Be sure to note some basic information about your 3 locations and some details about each. You do not have to know the language, and can and should consider yourself in the position of an investigator trying to make sense of samples (perhaps 30 minutes each) from your locations.
Task Two—Then, after you have posted you will have access to be able to read other’s posts. Choose at least one post to oppose, providing your strongest and best arguments possible, based upon direct usage of your sources.  Your careful, constructive and informed response to another’s post should be at least 150 words not including any quotes.  Again, be sure to cite relevant specific details from your three cases. 

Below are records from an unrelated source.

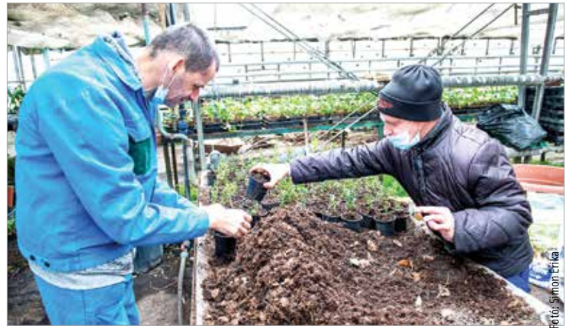
Az egyik városi kertészet is csatlakozott a programhoz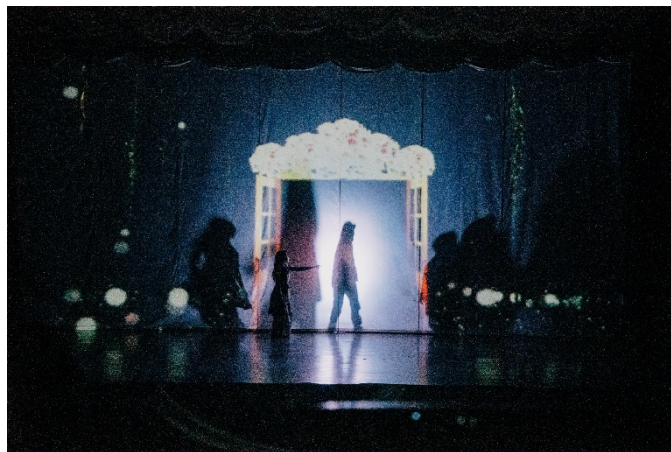
Gambar 1. Pertunjukan Tari Samsaya Citta Bagian Flashback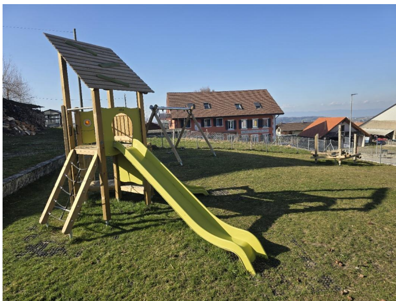
Montant voté : CHF 70'000.- Coûts finaux du projet : CHF 69'993.65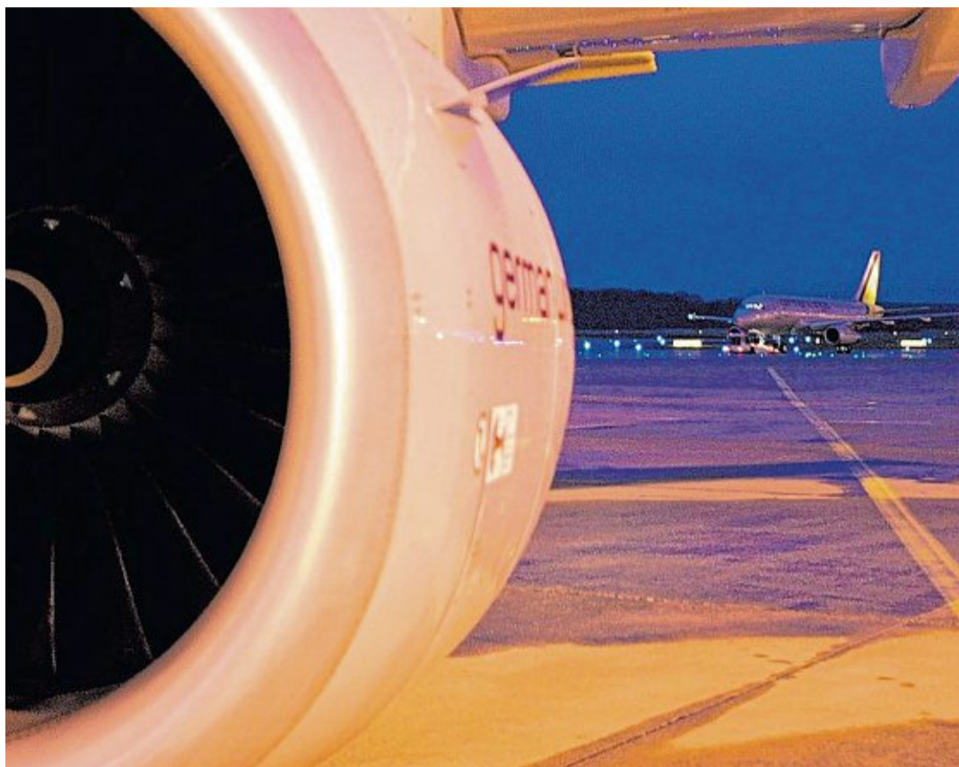
Der Nachtflugverkehr stört mit seinem Lärm den Schlaf Hennefer Anwohner.

Das bedeutet: Auch die Lärmbelastung ist durch die Zunahme der Nachtflüge nach oben gegangen. Das zeigen die Dauer-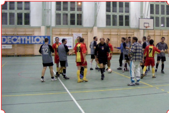
A döntőben résztvevő csapatok üdvözlik egymást a küzdelmek befejeztével. (Írásunk a 11. oldalon.)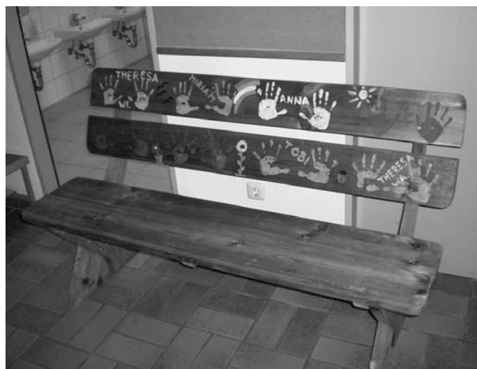
Wir – die „Kleinen“ und das Personal – wünschen allen Schulanfängern und ihren Familien einen guten Start in die Schule!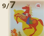
9/7 和紙ちぎり絵の体験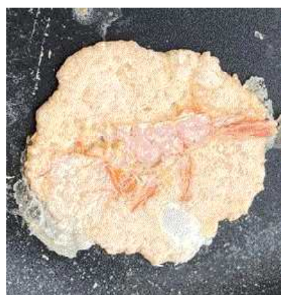
タカエビせんべい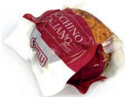
ARR110 FESA DI TACCHINO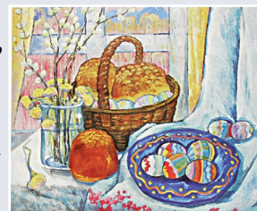
Н. Гончарова. Пасхальный натюрморт. Х., м. 90х89 см. 1908 г.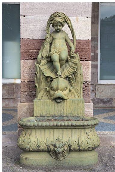
Fontaine du côté droit (est) : vue d'ensemble, de face.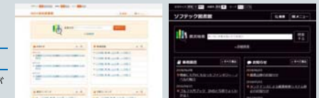
デザインパターン見本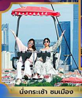
นั่งกระเช้า ชมเมือง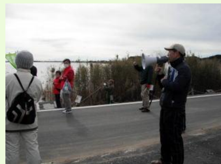
方波見先生の話は、野鳥の勉強になりました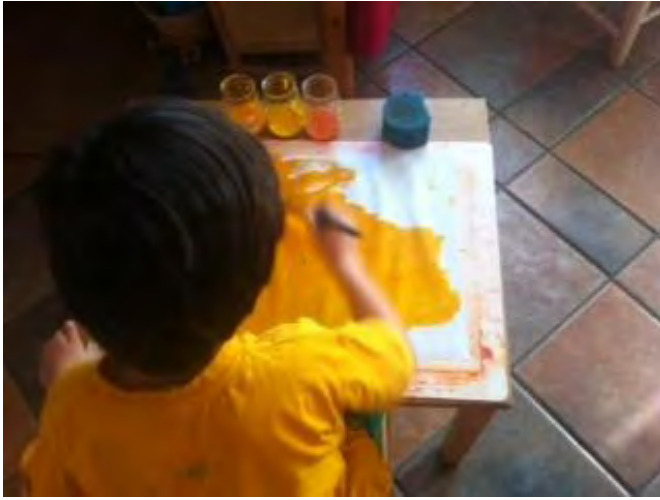
Día de pintar con acuarela Nivel: jardín de infancia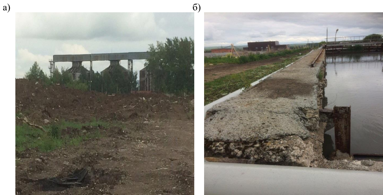
Рис. 1. Резервуары (а) и отстойники (б) для хранения воды.

(Ичалковский район и п. Николаевка) и сточных вод (г. Саранск). Исследуемую воду предварительно очищали от крупных примесей с помощью бумажного фильтра и проводили химический анализ состава (табл. 1).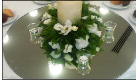
Resim 1.6: Masa üstü ayna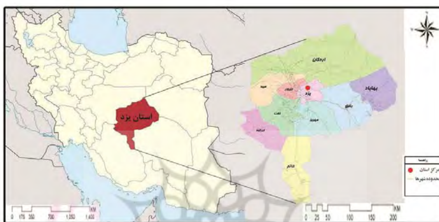
شکل ۲: نقشه موقعیت جغرافیایی شهرستانهای استان یزد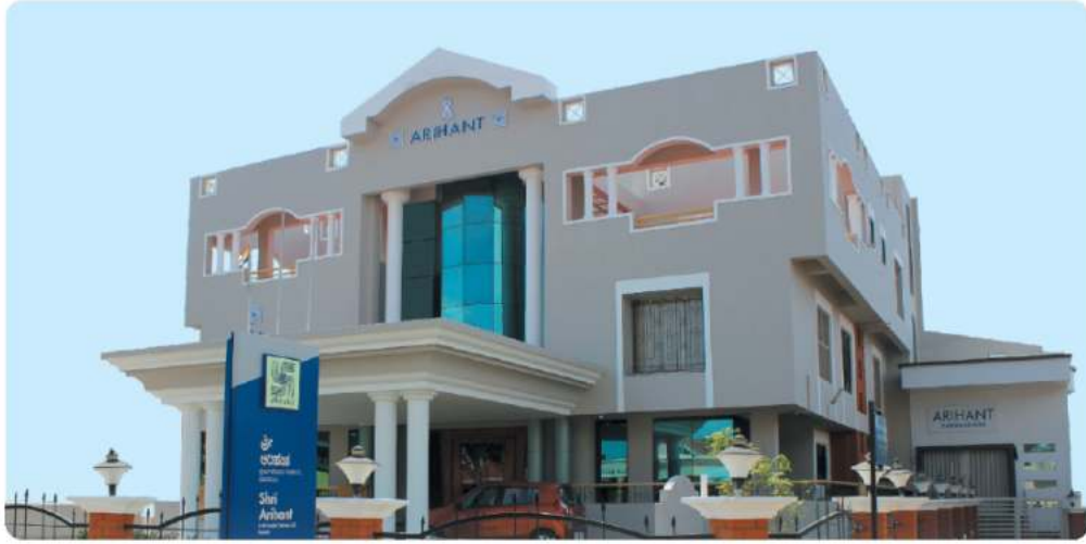
HEAD OFFICE - BORGAON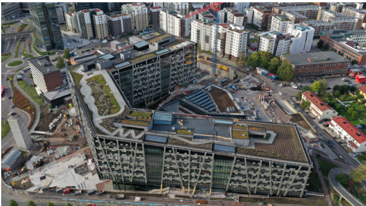
Økern Portal, Nord-Europas største takpark på syv mål (7000 m 2 ) med parsellhager, bikuber og friluftsområder. Her skal barn og voksne få lære om dyrking og sirkulære kretsløp. Avfall fra bygget skal komposteres og brukes som gjødsel.

Bygninger og asfalt lagrer varme, og bidrar dermed til å øke overflatetemperaturen i urbane områder. Innslag av grønt bidrar til å redusere mengde asfalt og harde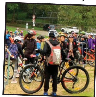
Sortie VTT avec CM du réseau et 6ème du collège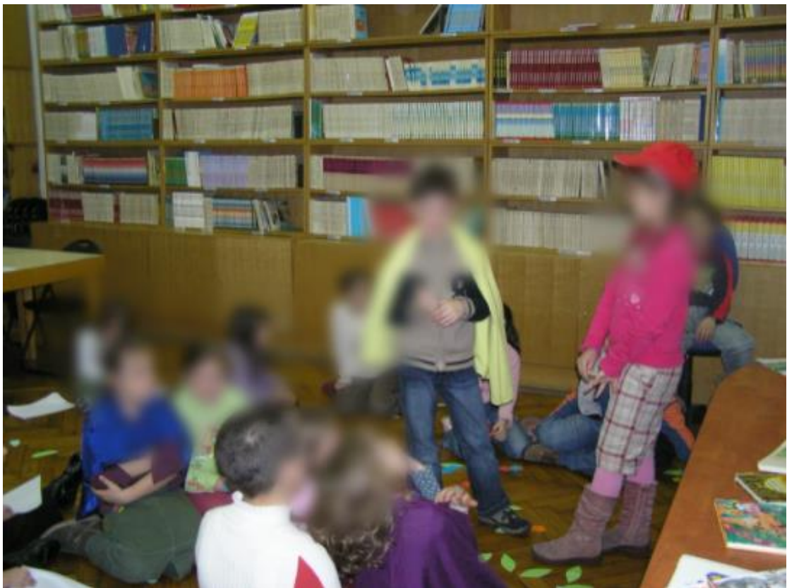
Slika 8. Maslačak i bubamara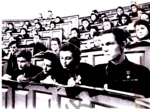
Студенты послевоенных лет

заведений. В них обучались соответственно 21,5 и 35 тыс. чел.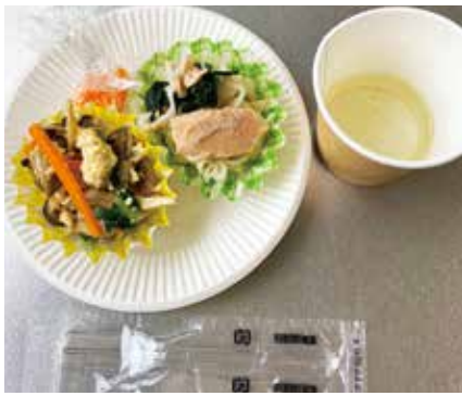
▲妊婦さんにおすすめの料理を試食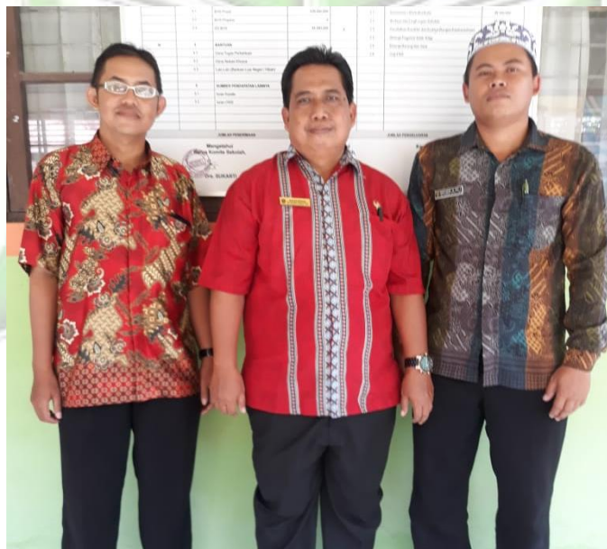
Photo wawancara dengan Bapak S (Tengah) selaku Kepala SMPN 1 Katingan Hilir dan Bapak R selaku guru PAI bersertifikasi di SMPN 1 Katingan Hilir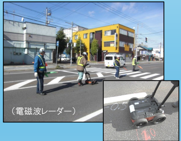
路面下空洞化調査 (R5年 士別道路事務所管内 士別市外 道路事業資料作成業務)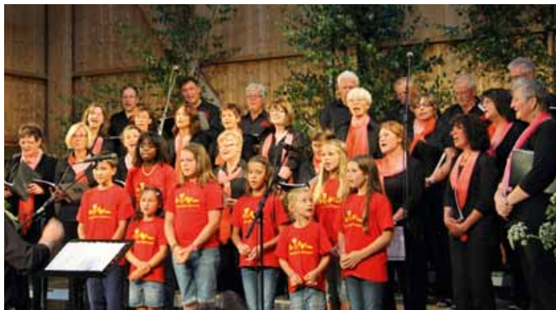
Der Singkreis Obermeitingen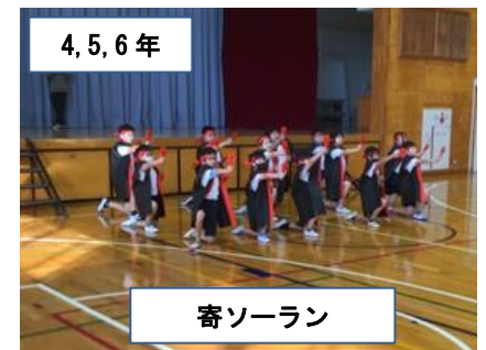
4, 5, 6年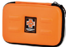
Model: F-EVA 15 프로모션용 고급 소프트사이드 중형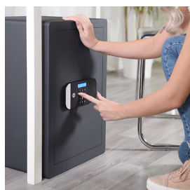
Código PIN de acceso con pantalla de teclado LCD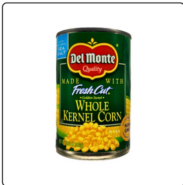
MAÍZ DESGRANADO LATA 15 OZ. DEL MONTE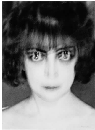
Fig. 12. Man Ray, 1922.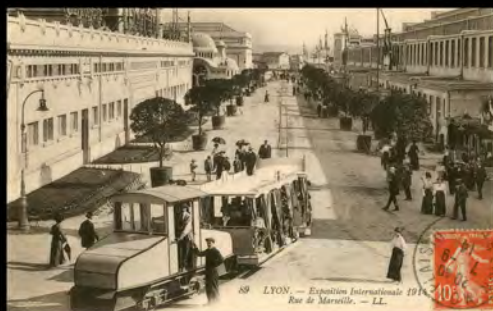
Carte postale Lyon Exposition Internationale 1914, Rue de Marseille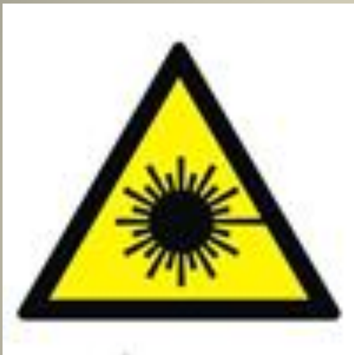
Опасно. Лазерное излучение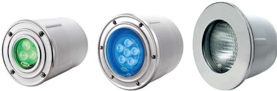
De izquierda a derecha: Lago 50, Lago 100 y Lago 300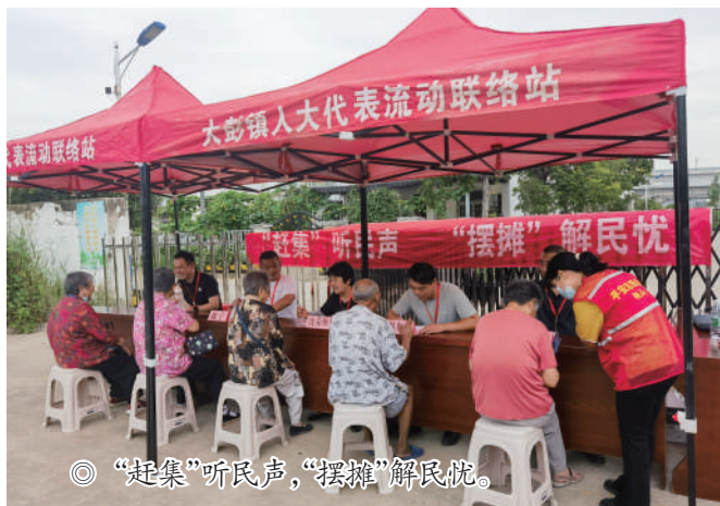
◎ “赶集”听民声，“摆摊”解民忧。

铜山区人大按照“一镇一品牌、一站一特色”的原则，创新“流动代表联络站”工作品牌，明确代表当好“民情信息员”“民事调解员”“政策宣传员”“暖心代办员”等4方面20项工作内容，引导代表服务群众用心、答复诉求用心、化解矛盾用力。目前“流动代表联络站”工作品牌已在全区推广。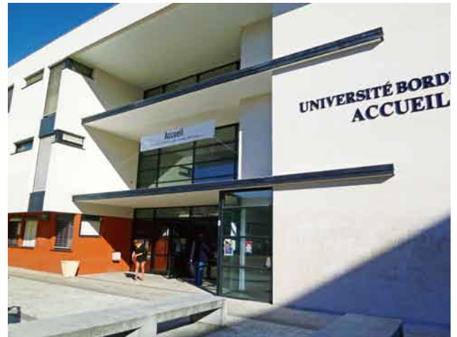
写真15. ボルドー第三大学事務管理棟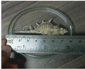
Gambar 1. Siput Laut ( Bolinus brandaris )

Moluska merupakan kelompok hewan invertebrata yang lunak dengan tingkat keragaman yang tinggi, biasanya sering dijumpai pada ekosistem terumbu karang, padang lamun, dan mangrove [11]. Moluska yang dimanfaatkan oleh masyarakat lokal sebagai salah satu sumber protein bagi masyarakat pesisir pantai kenjeran Surabaya. Hewan-hewan moluska ini memiliki ciri yang hampir sama, yakni memiliki cangkang atau cangkok. Hewan invertebrata pada Kelas Amphineura hidup di dasar laut, memiliki tubuh pipih, cangkang, dan sistem reproduksi seksual dengan fertilisasi eksternal. Gastropoda, sebagian besar berupa siput, memiliki sistem pencernaan sempurna, bernapas dengan paru-paru atau insang, dan umumnya bersifat hermafrodit. Kelas Scaphopoda memiliki cangkang tajam berbentuk terompet, hidup di dalam pasir/lumpur, dan bersifat gonokoristik. Cephalopoda, seperti cumi-cumi dan gurita, memiliki tubuh tanpa cangkang, kepala, kaki, dan sistem reproduksi seksual dengan fertilisasi eksternal dan kelas Pelecypoda, atau kerang-kerangan, memiliki tubuh pipih dengan dua belahan cangkang, hidup di pasir/lumpur, dan bersifat hermafrodit. Berdasarkan hasil pengamatan yang telah dilakukan inventarisasi hewan dari filum moluska yang ada di daerah Pesisir Panta Kenjeran Surabaya diperoleh sebagai berikut:

DUE before Sept. 5 @ 11:59PM
Important— do not use any textual sources beyond our required text for your discussion assignments.  There is well more than enough here for us to be responsible for, so focus only on these texts within your discussion.
 
1. In this discussion of 250 plus well-informed and well-written words (not including any quotations), you must represent how you have considered at least three concepts from Corbett’s article “Free, Single, and Disengaged…” that you expect will be useful for our present study of popular music.  You should offer us at least three distinct summaries of passages drawn from different parts of the reading, providing your own detailed interpretations/explanations, along with at least two specific examples/illustrations from popular musical/cultural contexts you find relevant. 
 
2. After you have posted, you will be able to view other’s posts, and will find at least one other student to assert an important and/or interesting point of agreement (100 plus words not included quotes/summaries) and at least one other student to assert an important and/or interesting point of disagreement (100 plus words not included quotes/summaries).  Your points of agreement and disagreement must be clearly supported with well-chosen evidence/support directly drawn from our reading and/or your popular musical examples/evidence.
 
I suggest that while you read and think about the article, likely looking up the unfamiliar language, concepts and theories, you consider one of the major debates that that it builds upon:
 
The top-down orientation (associated with T. Adorno and the Frankfurt School in sociology/ethnomusicology/cultural studies) emphasizes how modern popular culture (ex. music, film, fashion etc) is organized to exploit and control the masses.   Business and governmental interests collude in their use of popular culture to maintain patterns of social control – ex. working class kids absorb dreams of wealth and recognition in music and sports only to wind up creating another generation of working class kids with the same dreams but in a different style with a different soundtrack or updated uniform.   It matters historically that these thinkers from Frankfurt were responding to the rise of the Nazis and other very much popular, even democratically supported fascist movements.  
 
The bottom-up orientation (first associated with the Birmingham School in England) particularly looks at forms of empowerment that groups create for themselves through using popular culture.  So, movements like reggae in England are seen as giving agency to black British communities, and punk is seen as a sub-culture that created spaces for alienated youth, including members of the working class.  Here it matters historically that these thinkers were trying to understand the social changes of England after the decline of their Empire.
 
So, in one view popular music is a tool working from those in power, in the other view popular music is a tool of resistance for the vulnerable.  Corbett takes the remarkable view of it somehow being both.  This is an exciting possibility, but, he does not fully and clearly explain how it could be both in ways that resolve all of the problems for us and our study.  Rather, reading him helps introduce us to a predicament- if it is top-down or bottom-up then why should we agree?  And if it is both, then how much is it one or the other and why should we think so?  We soon see that simply agreeing that it is both is not enough, and then our work becomes more detailed and we must turn to examining the details of specific historical contexts so that we can continue to face the question with systematic evidence and ideas.